On the other hand, the Opposition support base increased by 18 per cent. The net gap between NDA and INDIA was 11 per cent in favour of the latter. Non-NDA and non-INDIA parties lost 12 per cent support among the SCs voters in 2024, while the INDIA bloc received 46 per cent of the Scheduled Caste votes.

The BJP lost 19 SC seats where it had incumbent MPs across Uttar Pradesh, Rajasthan, Maharashtra, Haryana, Karnataka, Bihar, Punjab and West Bengal. The party lost 10 of its ST seats across Maharashtra, Jharkhand, Karnataka, Rajasthan and West Bengal.

In Jharkhand’s Khunti, the Congress’s Kali Charan Munda defeated Union Tribal Affairs Minister Arjun Munda by a margin of nearly 1.5 lakh votes. In Rajasthan’s Banswara, the BJP lost to the Bharat Adivasi Party (BAP) by a margin of nearly 2.5 lakh votes while in Karnataka’s Chamrajanagar its margin of loss to the Congress was over 1.88 lakh votes.
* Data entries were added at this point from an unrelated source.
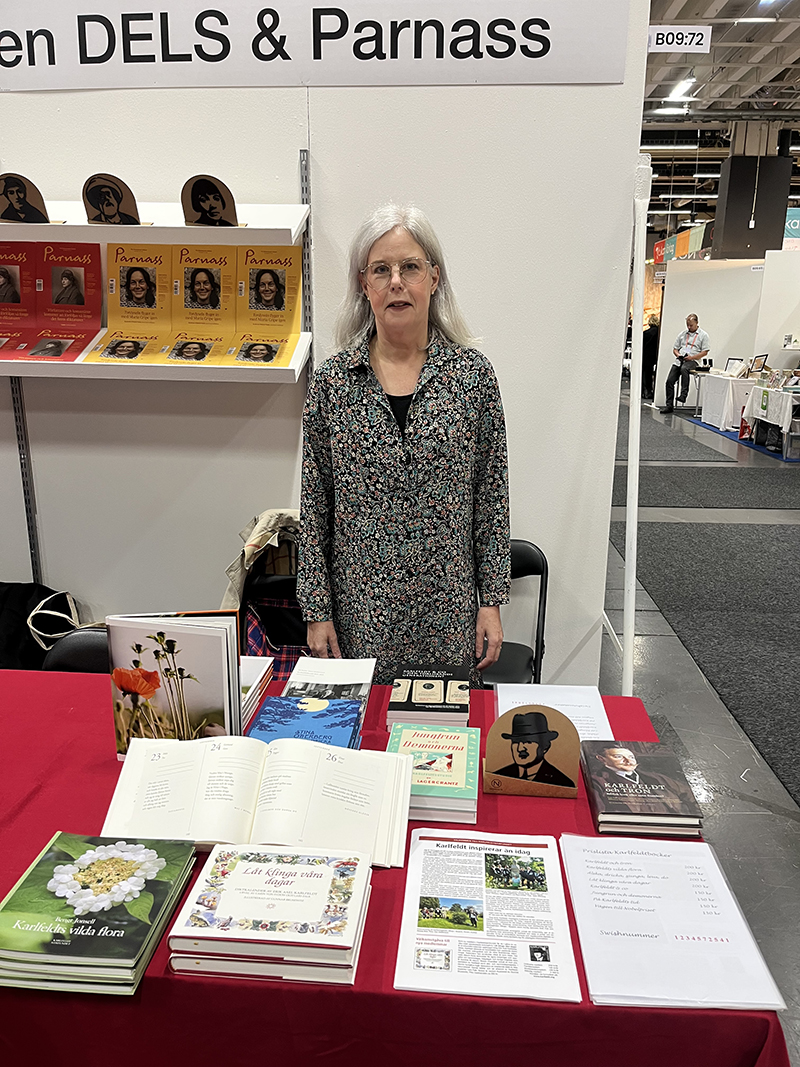 Bilden: Anna Nordlund, styrelseledamot i Karlfeldtsamfundet, i DELS monter.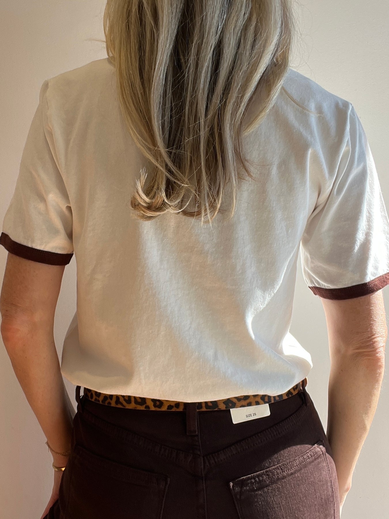 This tee features a classic ringer style with a bonjour graphic.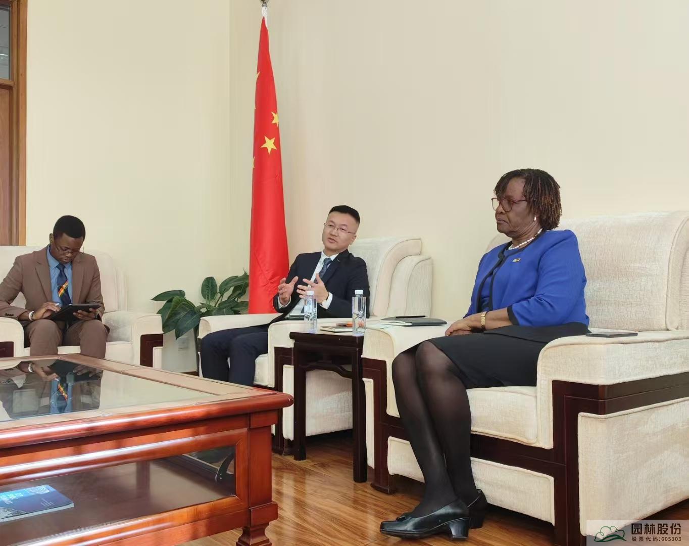 陳振華與津巴布韋駐華大使阿比蓋爾·紹尼瓦(Abigail Shoniwa)進行了會談。陳振華介紹了園區(qū)的發(fā)展情況以及在進出口貿易方面的優(yōu)勢,并表示希望與津巴布韋推進雙邊貿易、投資、文化等領域開展深入合作。

The BSP also lost Nagina, the only SC seat it held in Uttar Pradesh, to the Azad Samaj Party’s Chandrashekhar Azad, by a margin of over 1.5 lakh votes. Incidentally, Nagina is part of Bijnore district. Bijnore was the first Lok Sabha seat to be won by the BSP in UP. In 1990, Mayawati had won this seat defeating two Dalit stalwarts— Meira Kumar (Jagjivan Ram’s daughter) and Ram Vilas Paswan.

The BJP dreads the prospect of getting wiped out in the assembly elections in Maharashtra, Jharkhand and Haryana later this year—if the Dalit vote bank returns substantially to the Congress. The churn among Dalit voters is definitely a trend to be keenly watched.